I adopted UL concepts years ago while planning a 2012 AT thru hike. I learned to appreciate the concepts and mindset. I try not to base my sense of self-worth on what I consider to be arbitrary base-weight numbers. I pack the minimum I need to stay warm, dry, and healthy given expected risks and conditions. I look at my total pack weight (base + consumables) for a particular trip, and choose the smallest, lightest pack in my quiver that can best handle that load.

This spreadsheet helps me do that, while looking for areas of improvement.

Worn Weight - You'll see items with a shirt logo. That identifies them as "Worn Weight" to the software. That includes everything I wear, stuff in my pockets, and carry in my hands. Right now that adds up to a little over 4 lbs. The software underlaying this web site is smart enough to know that if I list an item as worn, with a qty greater than 1, I'm not likely to be wearing more than 1 at a time. So it adds the weight of the remainder to the pack's base weight. (I.e. I take 2 pairs of socks and flag them them as "worn." The software adds the weight of one pair to worn weight, and the other to base weight.

Base Weight - The total weight of the pack and everything in it, except consumables. Does not include stuff worn, in my pockets, or carried in my hands.

Consumables - Stuff one uses up. Generally food, water and fuel.

The weight of "Base" and "Consumables" combined gives me my Total Pack Weight. That tells me whether the pack I wanted for this trip can support the load I plan to carry. If not, I need to either switch to a pack with a more robust suspension, figure out how to make the load lighter, or suffer a bit for a few days till I consume a few pounds of food ...

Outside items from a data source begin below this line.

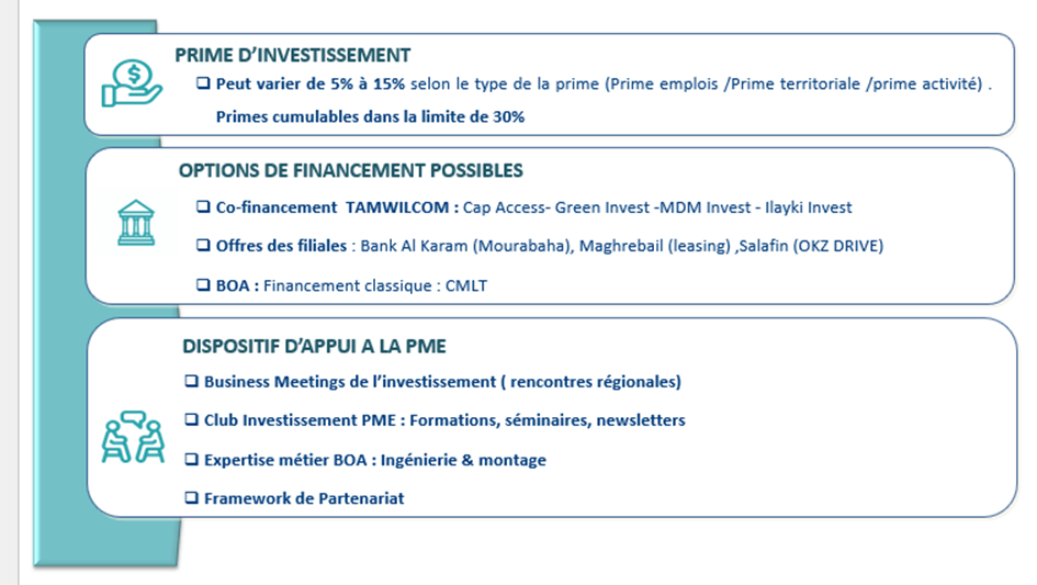 PME Invest By BOA est solution clé en main combinant différentes options de crédit (CMT Direct, cofinancement TAMWILCOM, ou financement à travers les filiales du groupe) + primes à l’investissement par le CRI + programme d’appui PME + conditions de financement incitatives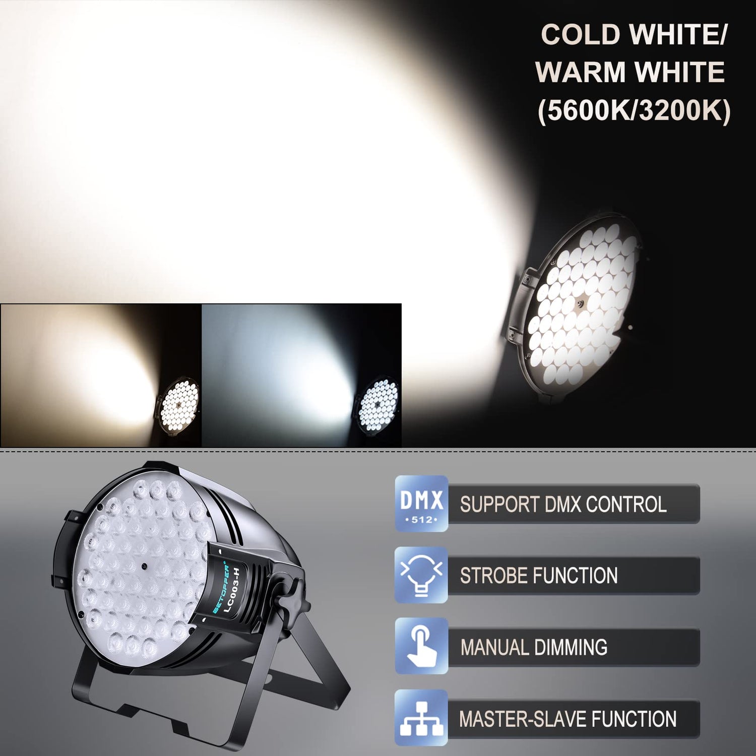 • ✅Superhelles Bühnenlicht: Betopper Par Light LC003 ausgestattet mit 54 X 2W LED-Lichtkugel mit 0-100% Helligkeitseinstellung, seine hell genug für jede Anwendung. Kaltweiß/Warmweiß (5600K/3200K) reine Lichtquelle, ideal für verschiedene Anwendungen, wie Kirche Veranstaltung, Hochzeit, Home Party, Dekoration, Pool Party, Bühnenbeleuchtung.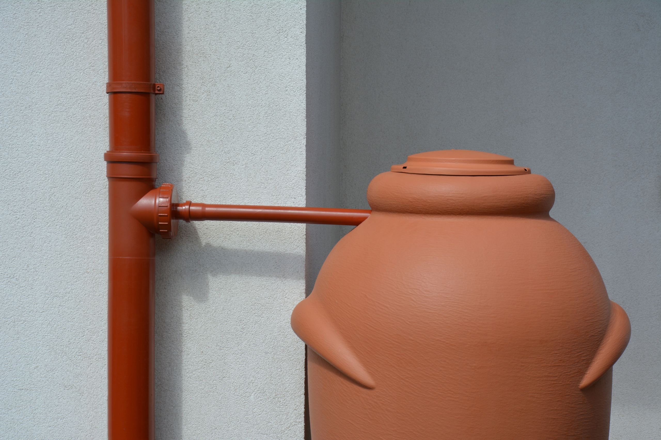 Контейнер для дощової води може бути розташований на вибраній відстані від водостічної труби.

Add full pack weight to worn weight, and you get "total" weight, aka, "Full Skin Out" weight. That number tells one how much their musculoskeletal system is supporting.

In 2019 that Superior Wilderness Designs frameless pack was new to me, and worked fine with a similar load on the first 200 miles of this trail. That pack weighs in at 637g, has 45L total volume, and 20 lb total capacity. Plus it's highly water resistant, and it fits me like a glove.

So ...

I'll continue northbound, from where I got off, to complete my section hike of the LT. That's ~65 miles from VT 108, near Stowe, VT, to Vermont's northern border with Canada. That section of the Long Trail is every bit as tough as the toughest sections of the Appalachian Trail. So I'm motivated to go light. I'll make one resupply along the way, reducing the amount of food I need to carry.

Overnight lows around the northern terminus in early August average around 54°, with the 10 yr record low at 43°. Subtract 3.5° for each 1000' of elevation above the wx station, and the lows at 3000' are likely to be the in mid 40's, with a slight possibility of dipping down into the low 30s. So while I do want to think about how my clothing, sleep and shelter stuff can work together to keep me warm and dry, I don't have to go nuts with heavy base layers and insulation. If I get cold at night, I can always wear my puffy to bed.

For shelter I'll carry my HammockGear DCF Hex Tarp, and my Dutchware Half-Zip Hammock.. My "sleep system" will be my HammockGear 40° Top and under quilts, a DutchWare underquilt protector and my Exped Air Pillow. I carry my short Nemo Tensor r1.6 sleeping pad, in case I want to sleep in a shelter, or need to go to ground. It can go in the hammock to add a bit more insulation if needed

For water filtration, I'm carrying a Sawyer Mini with an Evernew 900 ml "Water Carry" bag, and a Sawyer squeeze bag. When I dry camp away from a water source, I like to have 2-3L of water to cook dinner, breakfast, and to start out the next morning with a full water bottle. And if drought conditions have dried up springs, I'll carry ~2 liters. I drink from a pair of 600ml Gatorade bottles, and carry a 900ml Evernew Water Bag as dirty water squeeze-bag. The ones Sawyer provide with their filters fail. Always have, and they still did as of fall of '19. With all that, my total water carry capacity will be a bit over 3 liters.

I'm pretty happy with this. I'll keep looking for ways to make it lighter ... Without sacrificing safety, too much comfort, or too much of my life's savings...

[Oblg Disclaimer] I have no personal or financial interest in any companies on this list! No quid pro quo! Links are for informational purposes only! I swear!